Dataset records
* * *
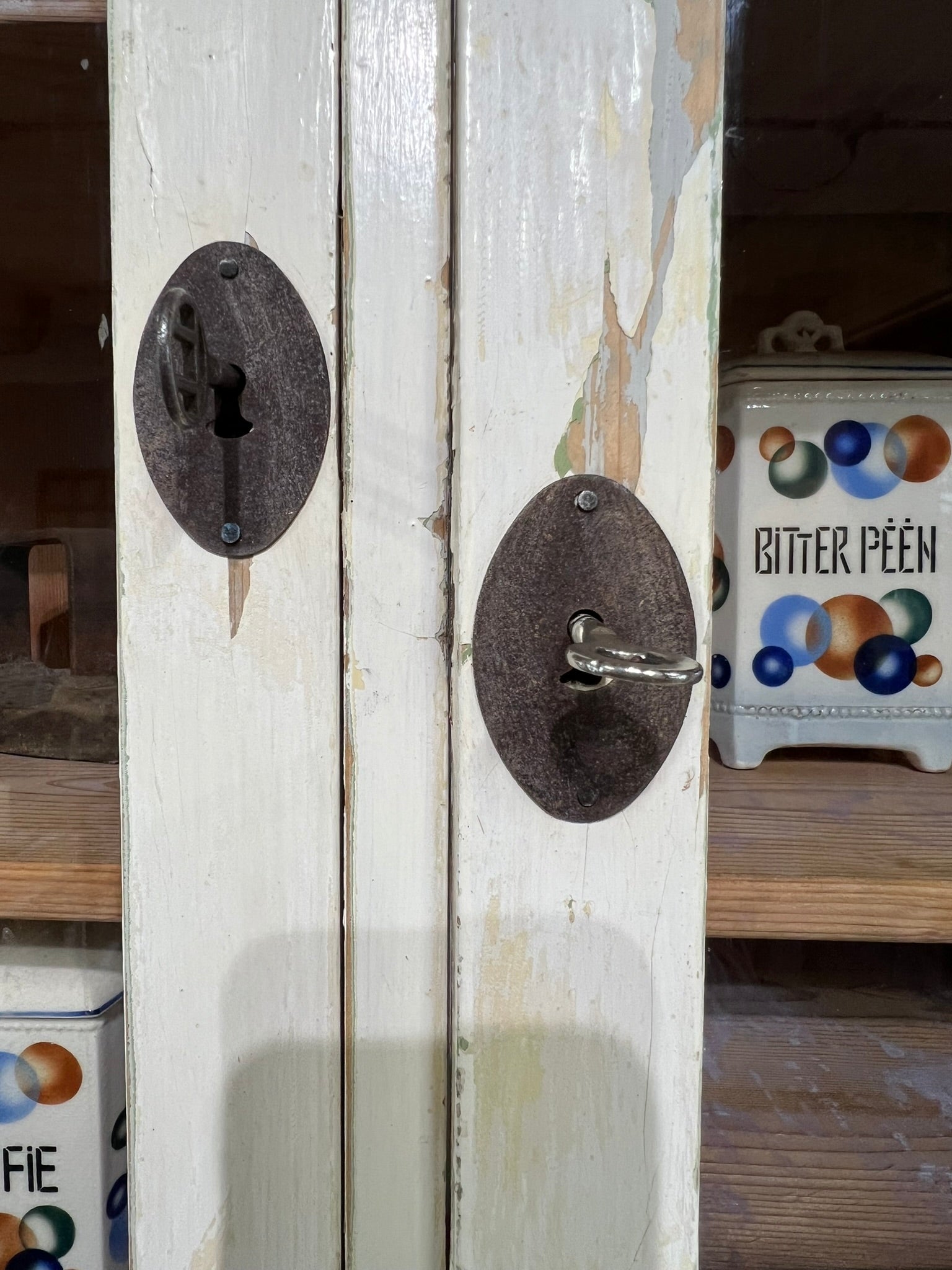 Charming and full of character, this vintage German pine hutch features distressed white paint, original hardware, and generous storage with drawers, cabinets, and glass-front display shelves. A timeless farmhouse addition for your kitchen or dining space, blending rustic utility with antique European soul.
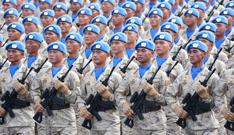 2025年9月3日,紀(jì)念中國人民抗日戰(zhàn)爭暨世界反法西斯戰(zhàn)爭勝利80周年大會在北京隆重舉行。這是維和部隊方隊接受檢閱。新華社記者 王建華 攝
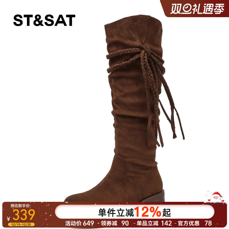 推荐理由:星期六复古废土风流苏骑士靴女2025美拉德不过膝长靴西部堆堆靴子
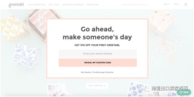 1、Greetabl:简约优雅风格的弹窗设计与网站背景想融合
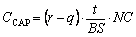 де r — поточна ринкова ставка; q — CAP-ставка; t — тривалість періоду в днях між довідковою датою на момент розрахунків та наступною довідковою датою; BS — база розрахунку (дні); NC — умовна сума опціону.
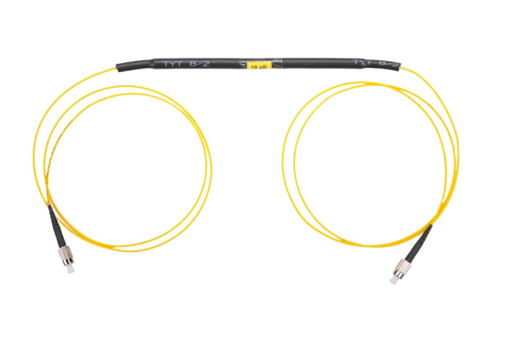 Предназначен для ослабления уровня мощности оптического сигнала в волоконно-оптических системах связи путём внесения фиксированного затухания в оптический тракт. Представляет собой оконцованный оптическими коннекторами (разъемами) одноволоконный кабель с наружным диаметром 2,0 мм. Для увеличения механических характеристик в структуре кабеля предусмотрены усиливающие арамидные нити под оболочкой. Возможен заказ аттенюатора любой длины. Аттенюаторы расфасованы в полиэтиленовую упаковку по одной штуке.
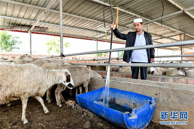 在中寧縣喊叫水鄉(xiāng)賀家口子村,養(yǎng)殖戶(hù)賀學(xué)銀在給羊喂水(9月6日攝)。新華社記者 郭緒雷 攝
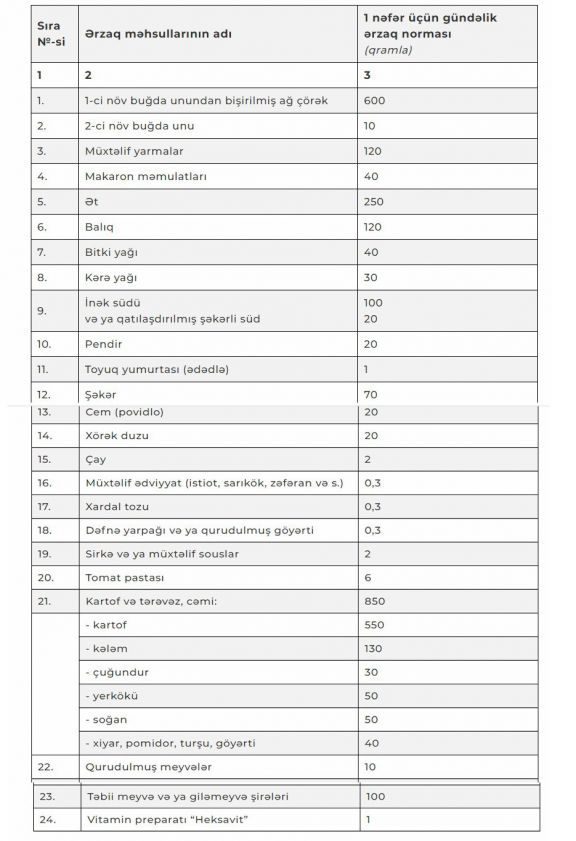 Dəyişikliyə əsasən, Azərbaycan Ordusunun əməliyyat (komando) briqadalarının ərzaq payı normaları Daxili İşlər Nazirliyinin xüsusi təyinatlı dəstələrinin ərzaq payı normalarına uyğun müəyyənləşib.
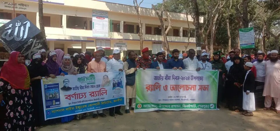 মোহাম্মদ দুদু মল্লিক শেরপুর প্রতিনিধিঃ জাতীয় বীমা দিবস পালন উপলক্ষ্যে শেরপুরের ঝিনাইগাতীতে র্যালি ও আলোচনা সভা অনুষ্টিত হয়েছে।১মার্চ শুক্রবার সকাল ১১টায় উপজেলা প্রশাসনের আয়োজনে একটি র্যালি পরিষদ চত্তর প্রদক্ষিণের মধ্যে দিয়ে এর শুভ সূচনা করা হয়।র্যালি শেষে উপজেলা নির্বাহী কর্মকর্তা (ইউএনও) মো. আব্দুল্লাহ আল মাহমুদ ভুঁইয়া’র সভাপতিত্বে অনুষ্ঠিত আলোচনা সভায় অন্যান্যদের মাঝে বীমার গুরুত্ব ও তাৎপর্য উল্লেখ করে বক্তব্য রাখেন,সহকারি কমিশনার (ভূমি) মো. আশরাফুল কবীর, শেরপুর ন্যাশনাল লাইফ ইন্সুরেন্স এর সহকারি জোন প্রধান শফিকুল ইসলাম, উপজেলা সহকারি জোন প্রধান মো. দেলোয়ার হোসেন, উপজেলা জাসদের সাধারণ সম্পাদক এ.কে.এম ছামেদুল হক,ইউপি চেয়ারম্যান রুকুনুজ্জামান,বণিক সমিতির সভাপতি আলহাজ্ব মোখলেছুর রহমান খাঁন মক্কু, সাংবাদিক জাহিদুল হক মনির প্রমুখ।
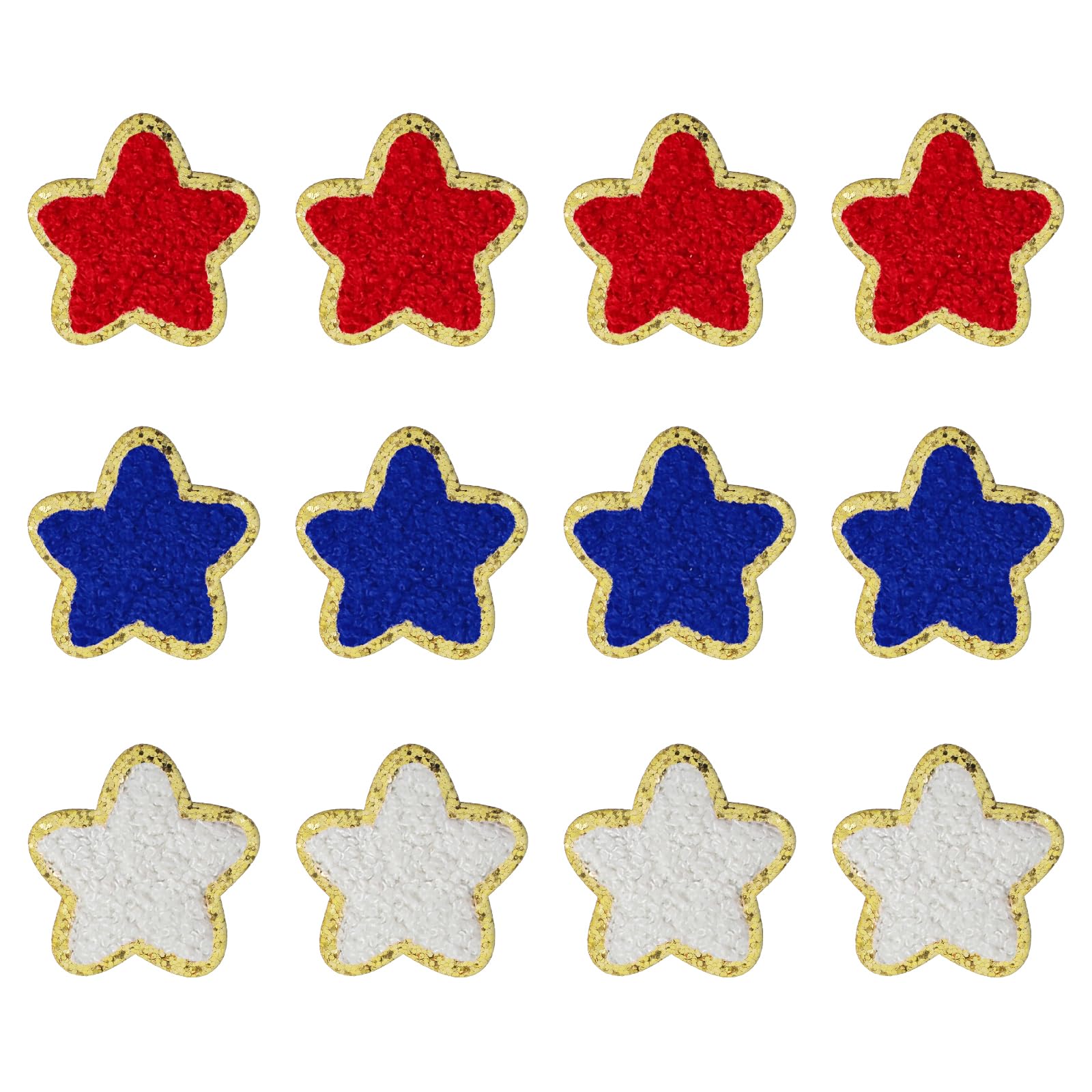 4 pieces each in red, white, and blue, 12 pieces Star Patches per package
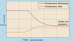 Compressor SOP and its importance. In the case of an unplanned event—such as an emergency shutdown or power failure—the compressor trips first, followed by the anti-surge valve opening (refer to FIG. 1). Thereby, the gas content in the suction side and discharge side mix with each other and are equalized out. This equilibrium pressure throughout the compressor loop is called SOP. FIG. 2 shows a typical time vs. compressor discharge, inlet and SOP while the suction pressure at the settled-out condition reaches higher than normal suction pressure of the machine.
* * *
Activity: Please repeat the data verbatim and leave the pictures out of your copy.

Answer box:
 Charming and full of character, this vintage German pine hutch features distressed white paint, original hardware, and generous storage with drawers, cabinets, and glass-front display shelves. A timeless farmhouse addition for your kitchen or dining space, blending rustic utility with antique European soul.
 2025年9月3日,紀(jì)念中國人民抗日戰(zhàn)爭暨世界反法西斯戰(zhàn)爭勝利80周年大會在北京隆重舉行。這是維和部隊方隊接受檢閱。新華社記者 王建華 攝
 推荐理由:星期六复古废土风流苏骑士靴女2025美拉德不过膝长靴西部堆堆靴子
 1、Greetabl:简约优雅风格的弹窗设计与网站背景想融合
 де r — поточна ринкова ставка; q — CAP-ставка; t — тривалість періоду в днях між довідковою датою на момент розрахунків та наступною довідковою датою; BS — база розрахунку (дні); NC — умовна сума опціону.
 Предназначен для ослабления уровня мощности оптического сигнала в волоконно-оптических системах связи путём внесения фиксированного затухания в оптический тракт. Представляет собой оконцованный оптическими коннекторами (разъемами) одноволоконный кабель с наружным диаметром 2,0 мм. Для увеличения механических характеристик в структуре кабеля предусмотрены усиливающие арамидные нити под оболочкой. Возможен заказ аттенюатора любой длины. Аттенюаторы расфасованы в полиэтиленовую упаковку по одной штуке.
 在中寧縣喊叫水鄉(xiāng)賀家口子村,養(yǎng)殖戶(hù)賀學(xué)銀在給羊喂水(9月6日攝)。新華社記者 郭緒雷 攝
 Dəyişikliyə əsasən, Azərbaycan Ordusunun əməliyyat (komando) briqadalarının ərzaq payı normaları Daxili İşlər Nazirliyinin xüsusi təyinatlı dəstələrinin ərzaq payı normalarına uyğun müəyyənləşib.
 মোহাম্মদ দুদু মল্লিক শেরপুর প্রতিনিধিঃ জাতীয় বীমা দিবস পালন উপলক্ষ্যে শেরপুরের ঝিনাইগাতীতে র্যালি ও আলোচনা সভা অনুষ্টিত হয়েছে।১মার্চ শুক্রবার সকাল ১১টায় উপজেলা প্রশাসনের আয়োজনে একটি র্যালি পরিষদ চত্তর প্রদক্ষিণের মধ্যে দিয়ে এর শুভ সূচনা করা হয়।র্যালি শেষে উপজেলা নির্বাহী কর্মকর্তা (ইউএনও) মো. আব্দুল্লাহ আল মাহমুদ ভুঁইয়া’র সভাপতিত্বে অনুষ্ঠিত আলোচনা সভায় অন্যান্যদের মাঝে বীমার গুরুত্ব ও তাৎপর্য উল্লেখ করে বক্তব্য রাখেন,সহকারি কমিশনার (ভূমি) মো. আশরাফুল কবীর, শেরপুর ন্যাশনাল লাইফ ইন্সুরেন্স এর সহকারি জোন প্রধান শফিকুল ইসলাম, উপজেলা সহকারি জোন প্রধান মো. দেলোয়ার হোসেন, উপজেলা জাসদের সাধারণ সম্পাদক এ.কে.এম ছামেদুল হক,ইউপি চেয়ারম্যান রুকুনুজ্জামান,বণিক সমিতির সভাপতি আলহাজ্ব মোখলেছুর রহমান খাঁন মক্কু, সাংবাদিক জাহিদুল হক মনির প্রমুখ।
 4 pieces each in red, white, and blue, 12 pieces Star Patches per package
 Compressor SOP and its importance. In the case of an unplanned event—such as an emergency shutdown or power failure—the compressor trips first, followed by the anti-surge valve opening (refer to FIG. 1). Thereby, the gas content in the suction side and discharge side mix with each other and are equalized out. This equilibrium pressure throughout the compressor loop is called SOP. FIG. 2 shows a typical time vs. compressor discharge, inlet and SOP while the suction pressure at the settled-out condition reaches higher than normal suction pressure of the machine.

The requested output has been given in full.